Robinson helped detectives create a composite sketch of her attacker, which they distributed around the neighborhood. Detectives worked diligently, they told producers, to forge a relationship with locals, including street walkers, gang members, and others. They believed someone out there could have a clue.
Progress on the case was minimal for nine months. Then, on August 13, 1998, police found two women in two abandoned buildings a mile apart. Nicole Thompson, 32, and Evandre Harris, 44, had been beaten, their faces were covered, and their shoes were nowhere to be found.
DNA found on the two victims matched genetic evidence recovered from Robinson and Shatteen.
Police continued to canvas the neighborhood, where they took DNA swabs of men who agreed to give a sample voluntarily. They collected more than 500 DNA samples this way, but there was no match.
Over the course of the next five months, police found two more victims, Cheryl Cross, 38, and Sheryl Johnson, 44. Like the other victims, they were discovered in abandoned buildings, their shoes were missing, and DNA on their bodies matched that found on the other women.
With the murder count at six, the FBI got involved with the case. The community was on high alert.
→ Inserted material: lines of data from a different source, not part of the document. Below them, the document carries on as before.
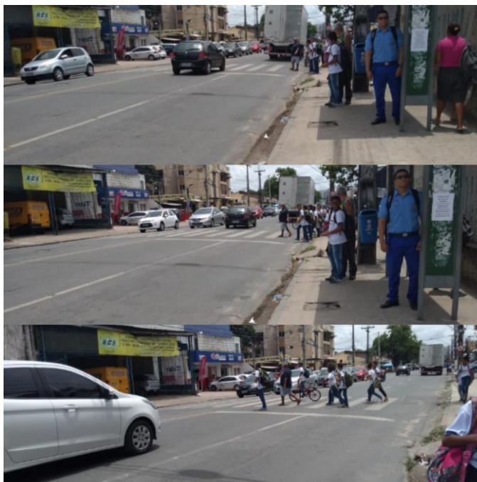
Imagem 3: Travessia na faixa de pedestres à frente da escola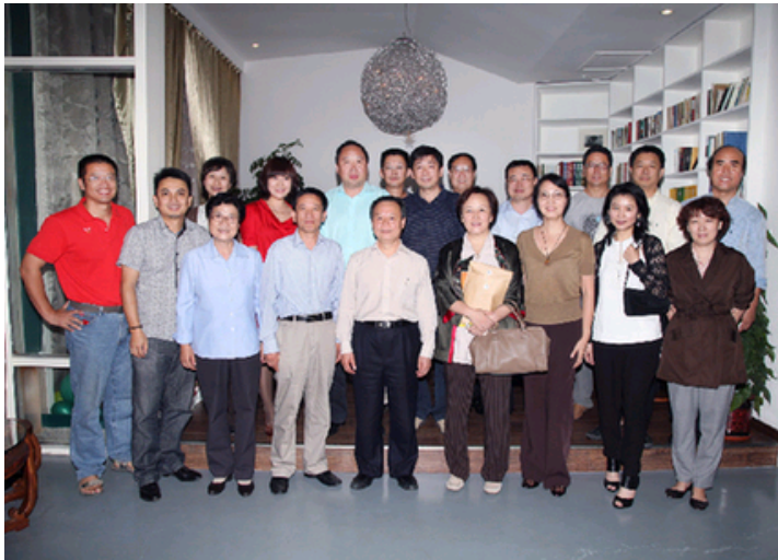
中心特聘研究员与嘉宾合影

周其凤校长在听取中心工作汇报后，肯定了中心六年来学术科研的丰厚成果和一系列活动的积极社会影响，并对研究员一直以来的积极支持和付出表示由衷感谢。他指出，艺术创造与科学研究具有共通性，应当从科学家的视角为中心未来发展打开思路。在媒介日趋融合和激烈竞争的今天，有序与无序的事物都共同推进了媒介的进步，要鼓励百花齐放的态度，也要有冷静的学术批评的态度。周校长希望，电视研究中心能保持其一贯前沿的学术视角和引领实践的精神使命，为中国电视传媒事业的发展做出更大的贡献。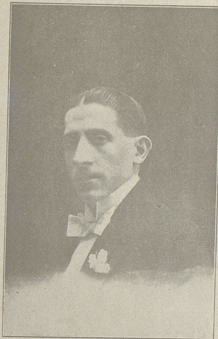
RAFAEL DÍAZ NOTABLE ACTOR CÓMICO

En este número publicamos el cuplé «Coledonio, ¿qué te pasa?», creación de Preciosilla.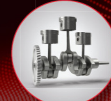
दमदार 3DI इंजन

या प्रॉडक्टिविटी टेक पॅकमध्ये अशी शानदार वैशिष्ट्ये आहेत की तुमच्या शेतीची उत्पादकता वाढेल आणि तुमचं उत्पन्नही वाढेल.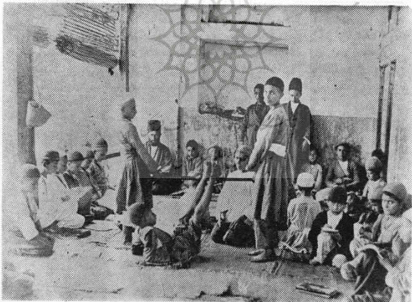
منظره ای از مکتب خانه و فلک کردن بچه مکتبی

ملاحی غالباً عینکی که بادورشته نخ بگوشهایش بسته میشد، به نوك بینی داشت و به خواندن قرآن و یا اسکندرنامه و کتا بهای نظیر آن تظاهر میکرد، از آن نظر «تظاهر» میگویم که بعدها وقتی بزرگ شدیم و سوادى پیدا کردیم دانستیم که این ملاحیها اصولاً ترکیب حروف و کلمات را نمی شناختند بلکه عباراتی را از حفظ کرده اند و «علی العمی» میخواندند. باری، مهمترین مطلب مورد توجه ملاحی این بود که هنگام صرف ناهار ببیند هر کدام از ما در قایمه چه داریم؟ آری، او از قایمه غذای ماسهم میبرد... از نظر ملاحی آن بچه مکتبی عزیزتر بود و مورد محبت قرار میگرفت که از درون قایمه اش خوراک بهتری به پیشگاه استادانه اش عرضه شود. اگر خدای ناخواسته بچه مکتبی نان و پنیر می آورد و بدینگونه، کدورت خاطر ملاحی فراهم میشد، پس از صرف ناهار بکوچکترین بهانه بی باید آن بچه مکتبی «فلک» شود و چوپ بخورد (اگر سابقه چوپ و فلک را نداشته باشید بمنظره ای که گراور شده توجه فرمائید.)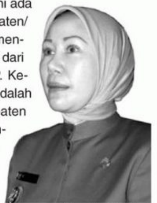
Ratu Atut Chosiyah Gubernur Banten

“Tahun ini ada lima kabupaten/kota yang mendapat BLM dari PNPM-MP. Kelimanya adalah Kabupaten Lebak, Pandeglang, Tangerang, Serang, dan Kota Tangsel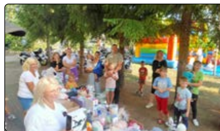
Kiermasz z licytacją dla naszego kolegi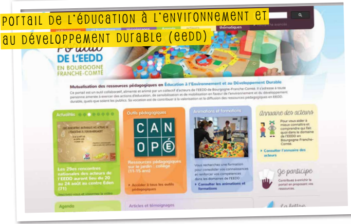
PORTAIL DE L'ÉDUCATION À L'ENVIRONNEMENT ET AU DÉVELOPPEMENT DURABLE (EEDD)

Outil collaboratif, alimenté et animé par un collectif d'acteurs de l'EEDD de la région, le portail s'adresse à toute personne amenée à exercer des actions d'éducation et de sensibilisation en faveur de l'environnement et du développement durable, quels que soient les publics.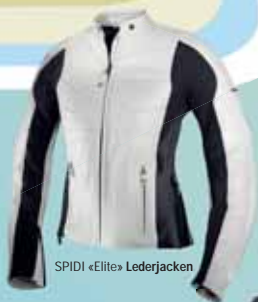
SPIDI «Elite» Lederjacken

BELSTAFF. SAMMY MILLER und CHE GUEVARA trugen sicher mit dazu bei, dass die Lederjacken des britischen Herstellers zum Kult avancierten. Nebst einer Neuauflage der bekannten und bewährten Waxcottonjacken gibt es auch speziell für Motorradfahrer entwickelte Lederjacken . Diese heben sich aber nicht nur durch die Funktionalität von anderen Motorradjacken ab, sondern auch durch den einzigartigen modischen Stil. www.belstaff.com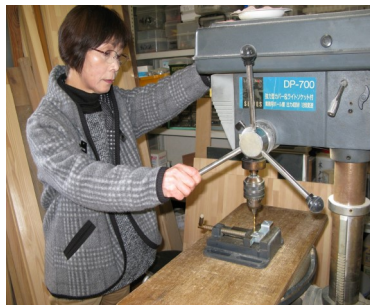
ボール盤でネジ穴を追加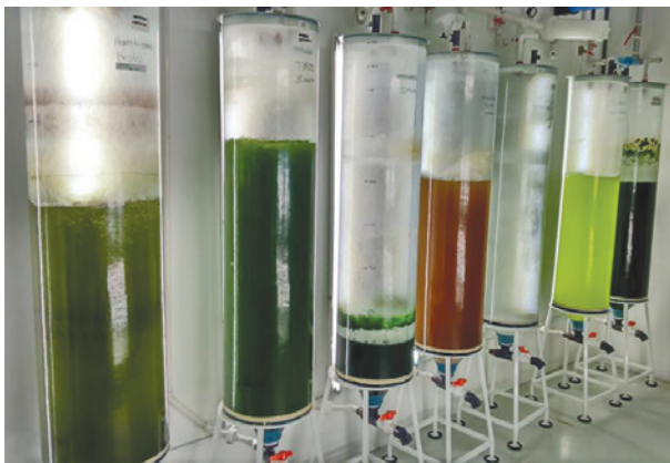
Figura 1. Reactores 80 L. Reactores para producción en escala piloto de diversas microalgas, como Spirulina , Phaeodactylum y Haematococcus .

Desde hace algunos años se ha reconocido el valor nutricional de las algas microscópicas debido a que contienen compuestos químicos de origen vegetal (fitoquímicos), carotenoides y otros antioxidantes similares a los de los vegetales verdes y amarillos, cuya ingesta es benéfica para la salud. De las microalgas se pueden obtener espesantes como carragenina y agar; colorantes y antioxidantes, tales como astaxantina (colorante rojo), betacaroteno (colorante amarillo/naranja), clorofila (colorante verde) y ficocianinas (colorante azul), entre muchos otros; así como también ácidos grasos, sobre todo los omega-3.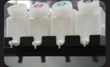
Kararlı, Düzenli ve Toplu Hızlı Yazdırma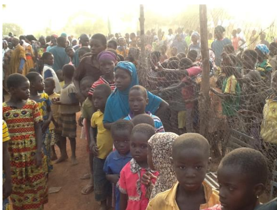
Kerstfeest 2014, kinderen wachten geduldig op hun feestmaaltijd.

Het bestuur wil graag alle personen en organisaties, die zich hebben ingezet voor de allerarmsten in Noord-Ghana, hartelijk bedanken en hoopt dat zij ook in de toekomst op uw steun kan rekenen!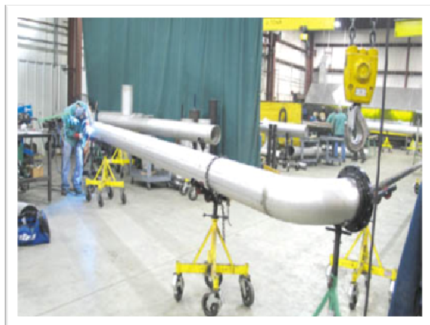
کارگاه لوله‌کشی گاز صنعتی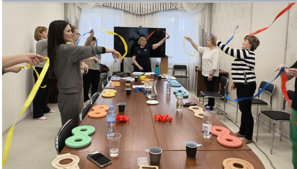
Семинар «Кинезиология. От стресса к гармонии»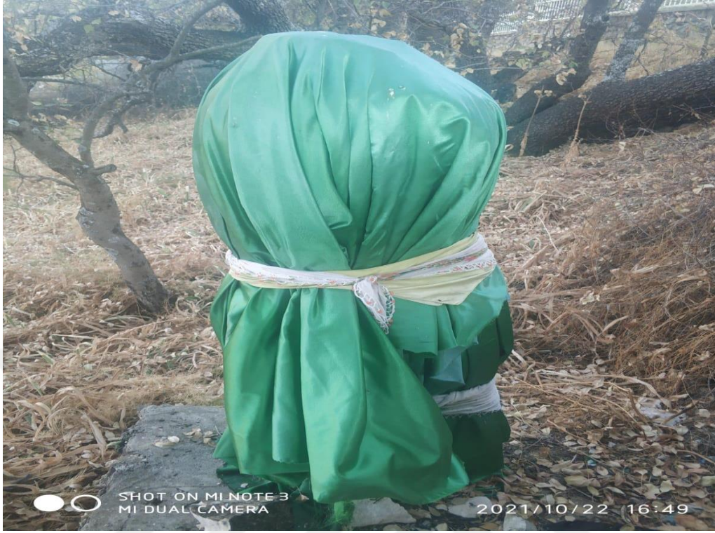
Resim 27. Muhammet Ali Türbesi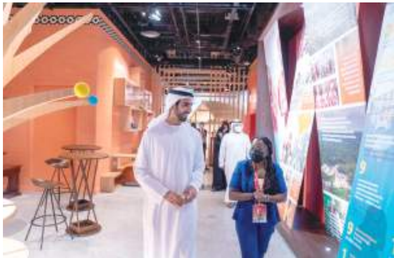
شخبوط بن نهيان آل نهيان خلال زيارته المعرض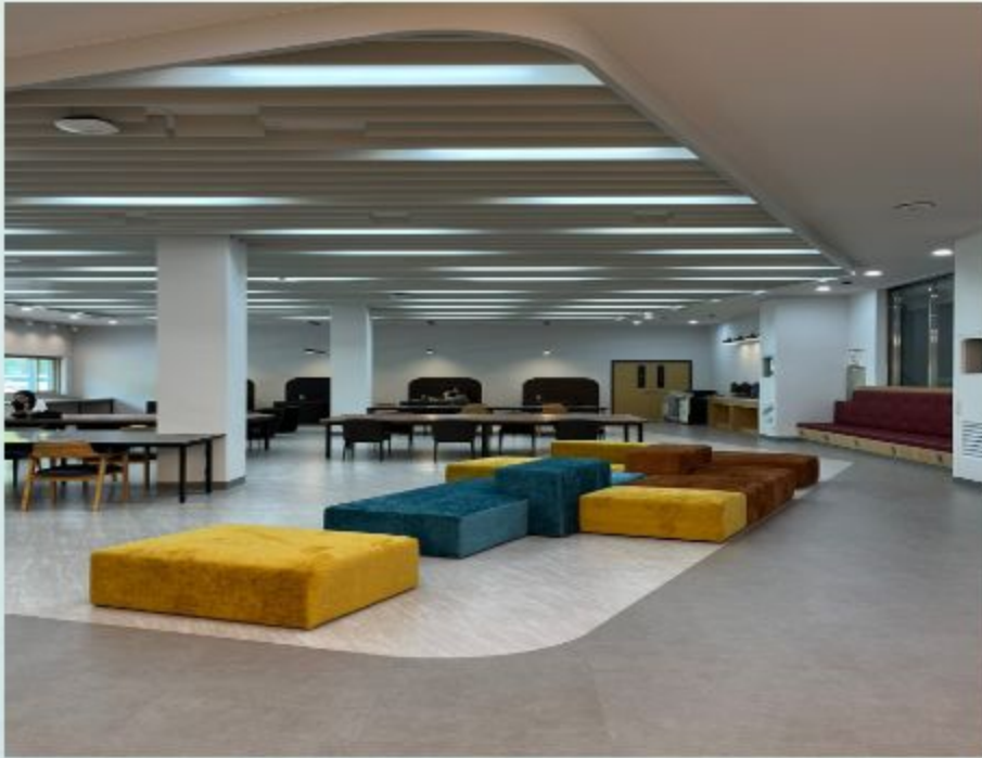
도 서 관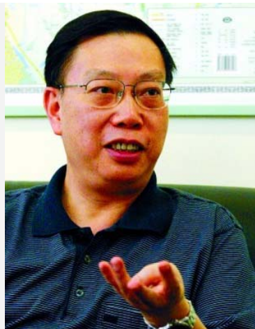
黄洁夫 中华人民共和国卫生部副部长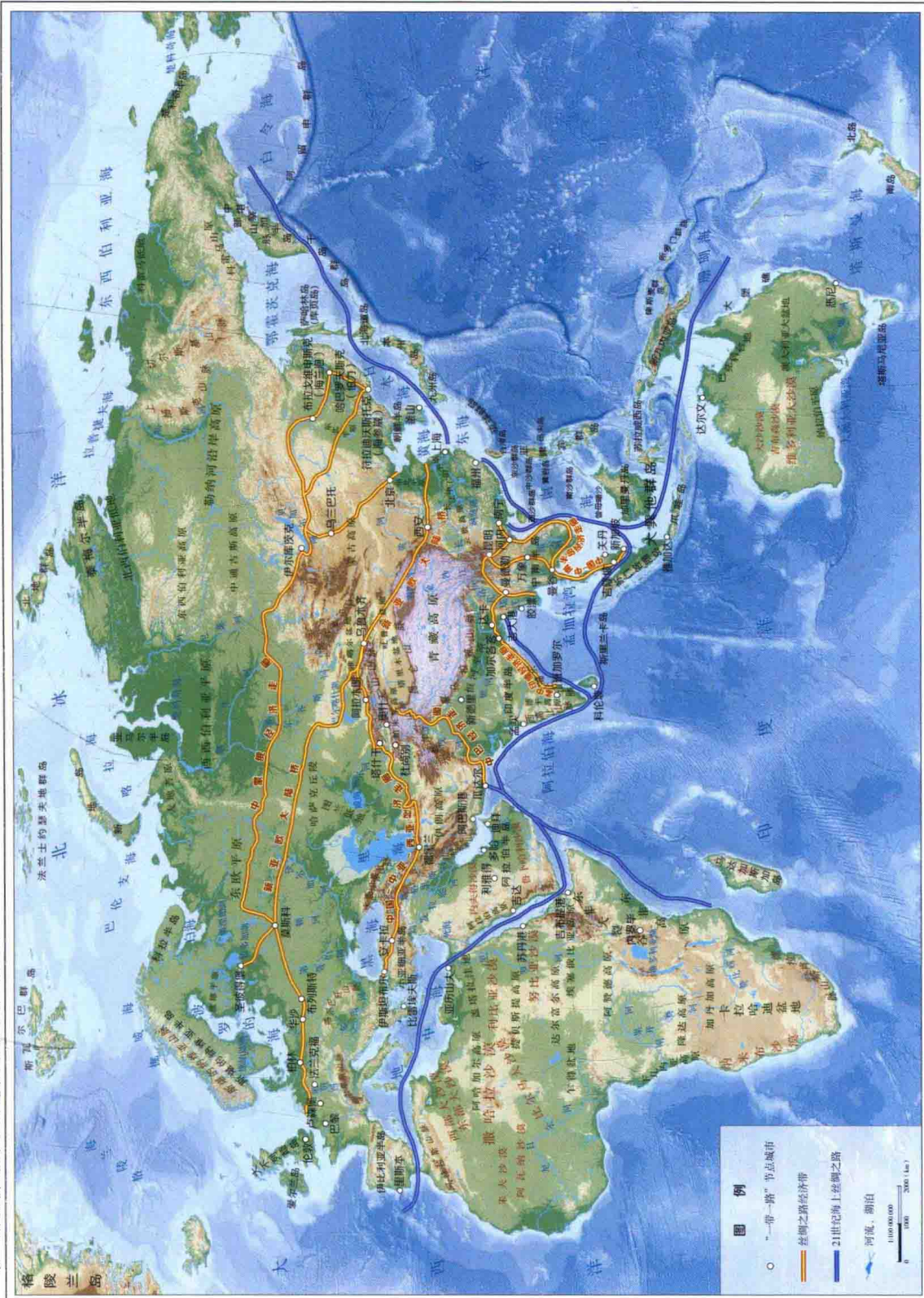
“一带一路”经济走廊及其途径城市分布地势图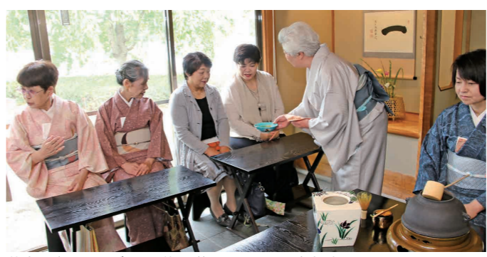
茶会を楽しみながら、お茶の説明に聞き入る参加者

砂沼広域公園・観桜苑の砂沼庵で6月9日、市茶道連盟香水出会が主催する「あやめ茶会」が開催されました。茶会には市内外から196人が参加し、作法や服装を気にせず、本格的な抹茶と鮎や波紋をあしらった季節の和菓子を堪能しました。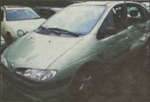
Renault Megane Scenic 1,6 16V instalacja gazowa 98r. klimatyzacja, 80 tys. km., lekko uszk. lewy bok, wszystkie poduszki całe 5.900 euro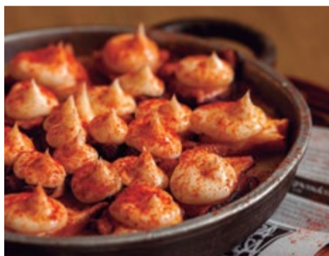
Cazuelita de pulpo 14,90 Con una muselina de "allioli" y base de puré de patata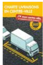
Charte livraisons en centre-ville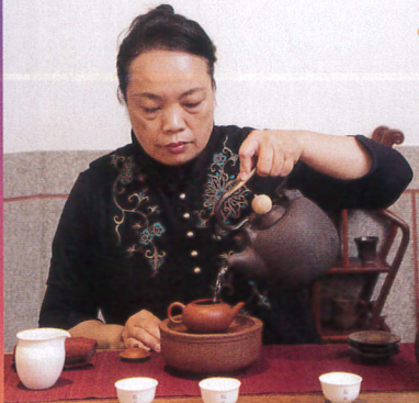
教えるからやってみてね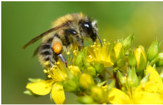
Pelzbiene auf Johanniskraut

Die Beziehung zwischen Blüten und Bestäubern ist komplex: manche Bienen haben ein breites Nahrungsspektrum, andere wieder sind spezialisiert auf eine oder wenige Pflanzenarten.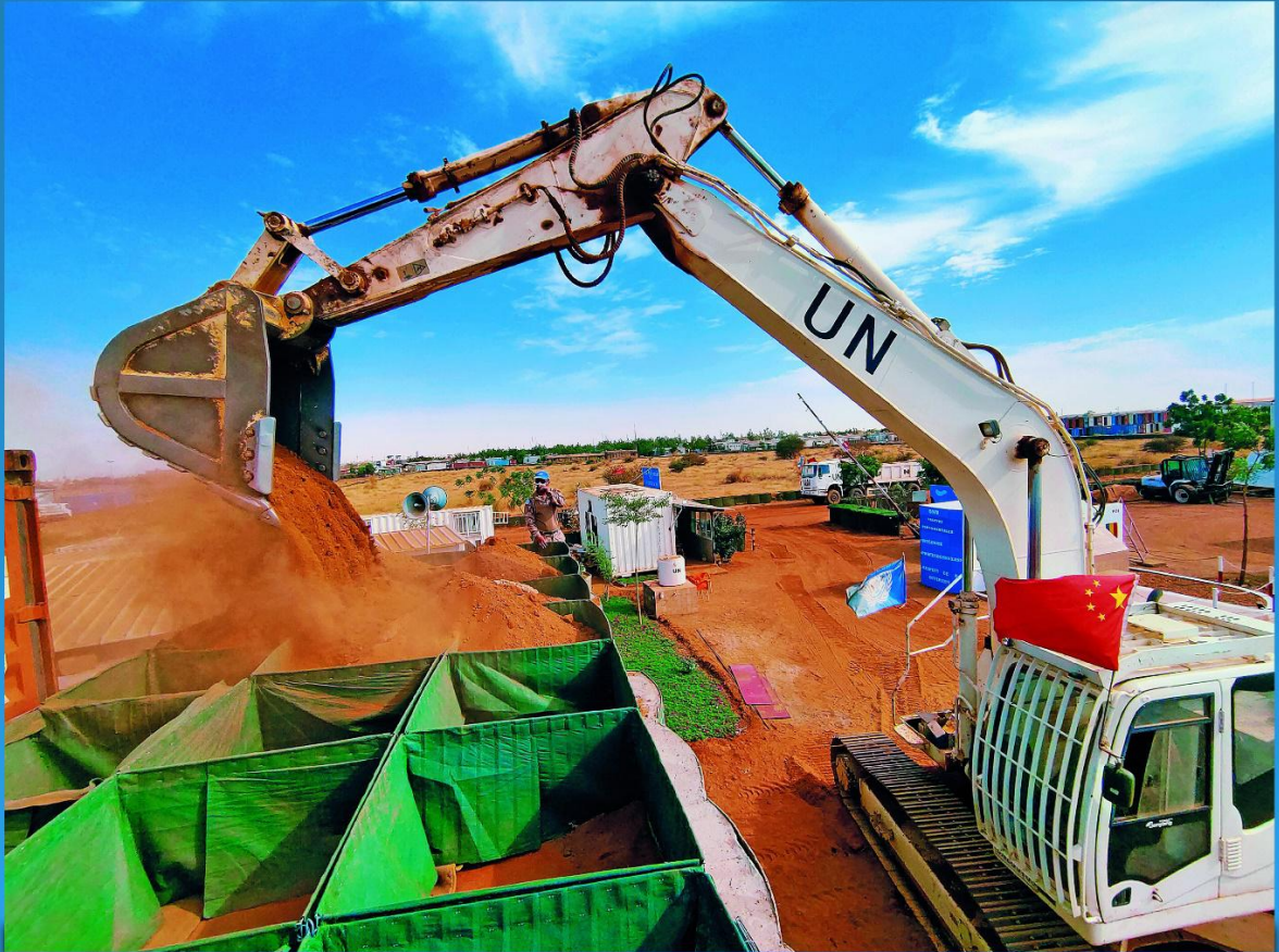
En diciembre de 2021, el destacamento chino de ingenieros para el mantenimiento de la paz en Malí estaba ayudando en renovar el campamento del contingente policial senegalés.

And finally, the bond investigators forged with locals paid off, according to FBI Special Agent Michael Steinbach.
Two women came forward with a tip about a man who went by the name “Dre.” He was known, they said, for getting violent with women in abandoned buildings. Another person told police about a man called Andre who’d get high with sex workers in empty buildings.
Investigators determined that their suspect was Andre Crawford, who was from the area and had been incarcerated for drug and sexual assault arrests. They also found out that he worked occasionally on Chicago Sun-Times distribution trucks.
Police created a timeline of when Crawford was in lockup, and a pattern emerged. When he was behind bars, the murders stopped. When he was out, they started up again. That was an “aha moment,” according to investigators.
Crawford was apprehended on January 28, 2000. Although he initially refused to give a DNA sample, he complied when authorities pointed out that they had a court order.
Crawford told police that he exchanged drugs for sex, according to “Mark of a Serial Killer.” When women betrayed him in any way in this transaction, he became violent. He spent three days confessing to the killings, which included five murders police hadn’t yet linked to this case.
Crawford also admitted that he had sex with the women before and after they were dead.
Police said Crawford routinely sold victims’ shoes he took on an Englewood street corner, reported the Chicago Tribune in 2009.
Dr. John Fabian, a forensic neuropsychologist who evaluated Crawford, found that his mother was negligent and abusive. She prostituted herself and her son when he was 14 years old.
“He wanted to make these women suffer because that’s what he wanted to do to his mother,” theorized Fabian. Covering victims’ faces could indicate shame or regret.
In November 2009, more than 16 years after his first victim was found, Crawford went on trial for 11 counts of murder and one of attempted murder.
He was convicted 2009 after a nearly month-long trial in which his lawyer argued that Crawford suffered childhood sexual abuse and neglect. Jurors spared him the death penalty. He was sentenced to life in prison, where died in March 2017 from liver cancer two days before he would have turned 55.